Senses vs S 1002-Y
Where Senses belongs to Jotun's range, S 1002-Y is a NCS color. These are both beige-greiges, so the question isn't which hue to choose — it's where within beige-greige to land. S 1002-Y (LRV 72) reflects noticeably more light than Senses (LRV 41), a difference of 30 points that becomes especially apparent in rooms with limited natural light. Both lean warm, so they'll behave similarly in mixed or changing light conditions. With a ΔE of 19.9, the contrast is hard to miss. These aren't variations on a theme — they're two different answers to the same question. Below you'll find 3 real-room photo comparisons where both colors appear side by side, plus 5 simulated room previews.
Senses vs S 1002-Y in Real Spaces
3 real rooms side by side. Seeing Senses and S 1002-Y in actual rooms makes the difference concrete; browse the spaces below to get a feel for how each color lives on a wall.
Living Room
In a living room, color works across both daylight and evening light — the same wall can read very differently at noon and at 8pm. The LRV gap is large enough that S 1002-Y will make the room feel meaningfully brighter than Senses would.
Kitchen
In a kitchen, colors are seen under bright task lighting that amplifies undertones — what reads neutral elsewhere can show its hand here. S 1002-Y reflects noticeably more light off the walls, making the space read more open than Senses.
Dining Room
A dining room lit by a dimmed pendant or candles is one of the most forgiving environments for paint — warm light softens almost everything. S 1002-Y returns significantly more light to the room — in a smaller or darker space, that difference in perceived brightness is hard to miss.
Color Details
Senses vs S 1002-Y Simulated Comparison
5 simulated room previews — drag the slider on each to see Senses on one side and S 1002-Y on the other.
Digital color is approximate.

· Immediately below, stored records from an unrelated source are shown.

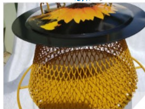
Wire mesh Single "No-No" Feeder $24.50/$22.00 + tax
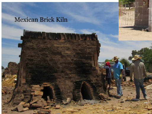
Mexican Brick Kiln
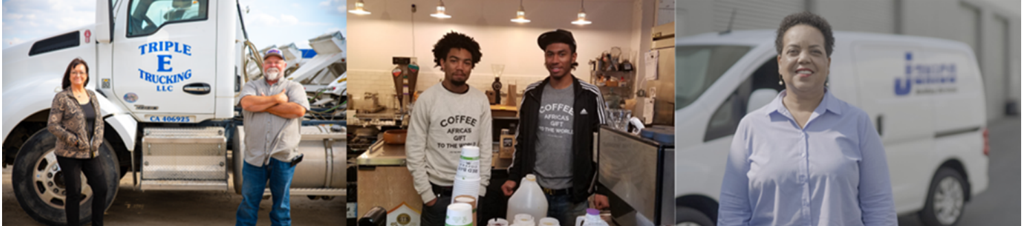
CalSavers participants pictured from left to right: Triple E Trucking, Bakersfield; Red Bay Coffee, Oakland; and Janico Building Services, North Highlands.

CalSavers is already making a difference in helping Californians save for retirement. As of mid-August, more than 317,000 savers have begun saving for retirement, saving an average of $2,000 a year.
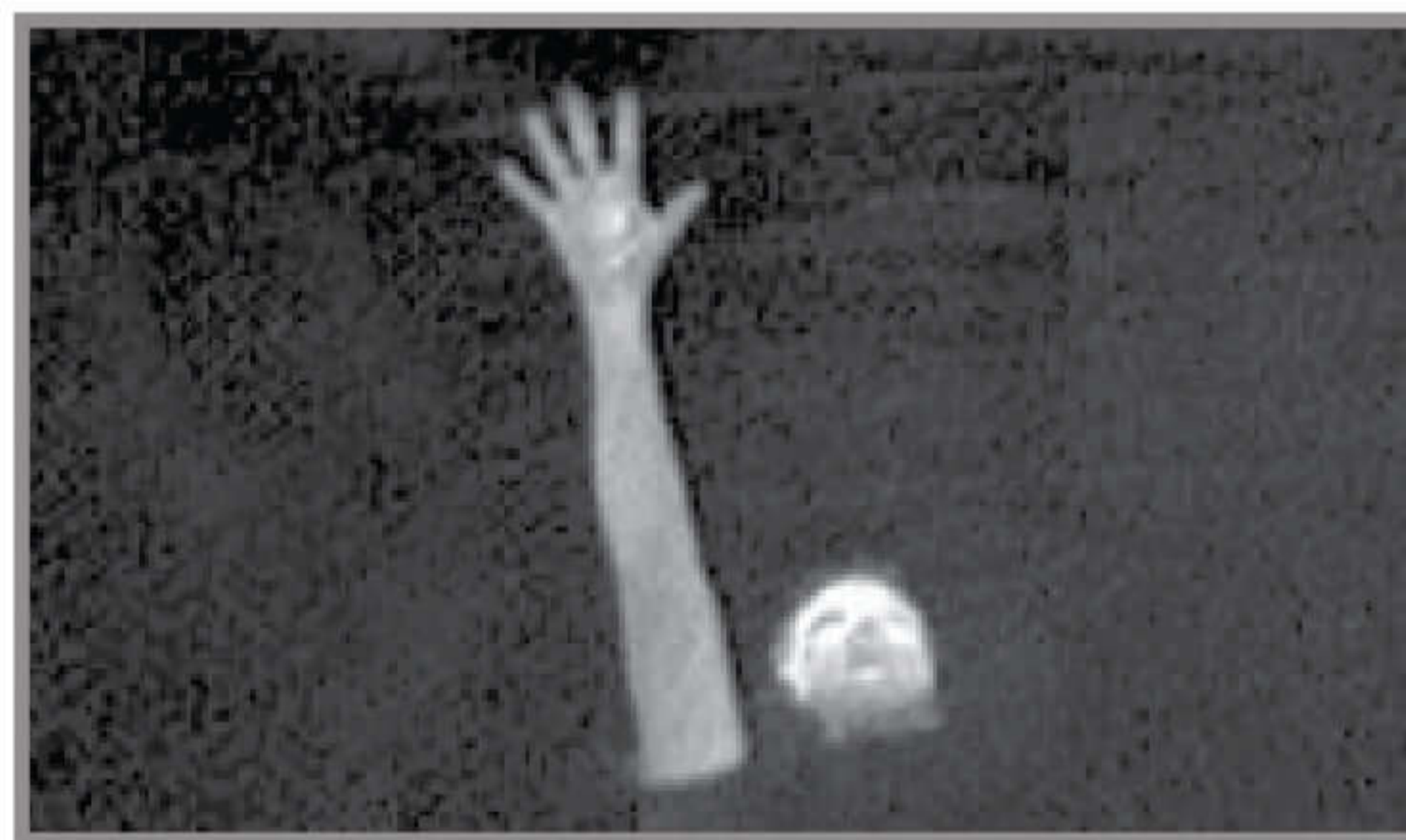
MS- / MLS-Series

These simulations are generated from the manufacturer's hex values and overlaid on grayscale room photos — your screen's calibration, brightness, and viewing angle all affect how they render. Before committing to either color, test physical samples in your own space under the light you actually live with.
More Senses comparisons
See how Senses stacks up against other well-photographed colors across different brands and tones.